By Grace Dobush
December 21, 2018

Germany will witness the end of an era Friday.

Around mid-afternoon, a team of dusty miners will bring up the last lumps of hard coal mined in the country from the Prosper-Haniel mine in Bottrop, in the heart of Germany’s industrial northwest. It’s a bittersweet farewell for an area already down on its luck.

Prosper-Haniel was the last operating hard coal mine in a region defined by that industry for 200 years. The Ruhr River valley, once the economic engine of post-war industrial Germany, has been down on its luck for decades. In the 1950s, more than 600,000 locals worked in the mines — in 2017, it was down to only 4,500, Clean Energy Wire reports. More than 5 million people live in the 15 cities of the Ruhr area, but their incomes trail the state average by €1,500, and unemployment rates there are double the national average.

Germany’s government is still waiting on the final report from a coal commission to explain how, exactly, a country that still relies on coal-powered plants for a third of its energy can give up the fossil fuel for greener options. Domestic coal has already been replaced by imports from Russia, the U.S., Australia, and Columbia. The commission report is expected in February and will become part of Germany’s first federal Climate Action Law in 2019.
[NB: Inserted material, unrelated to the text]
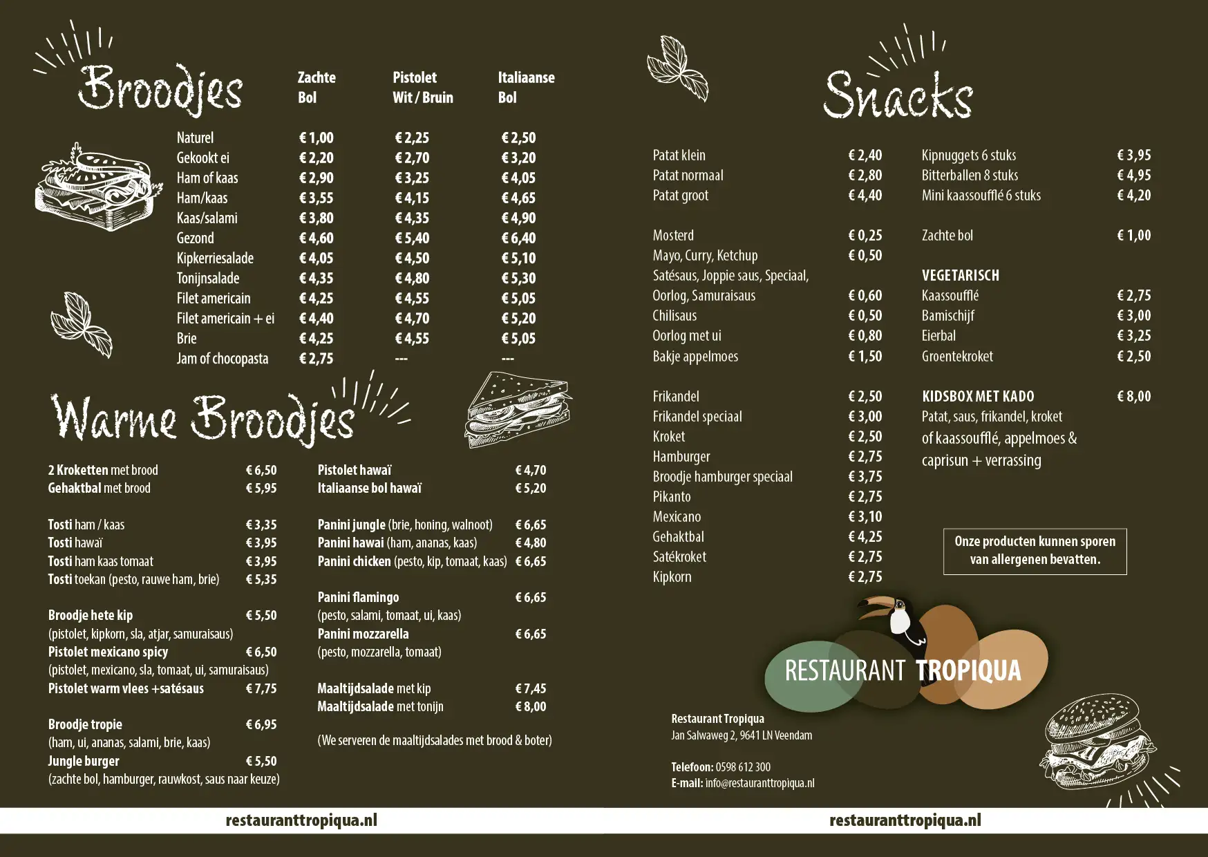 Of u nu zin hebt in een lichte snack of een stevige maaltijd, Restaurant Tropiqua heeft voor ieder wat wils. Van verse warme broodjes tot smakelijke snacks, er is altijd iets lekkers om van te genieten tijdens uw bezoek. Dus neem een pauze, verwen uzelf met een heerlijke koffie en geniet van de verrukkelijke broodjes en snacks die Restaurant Tropiqua te bieden heeft.

While mining hard coal is officially over in Germany as of today, mines for lignite, or brown coal, remain in operation. Protests between occupiers of the Hambach Forest and energy giant RWE, which wants to raze part of it to expand its lignite mine, have been an ongoing spectacle in German news media this fall.

German President Frank-Walter Steinmeier and EU Commission President Jean-Claude Juncker will be in Bottrop today to bid farewell to this era of Germany’s economy.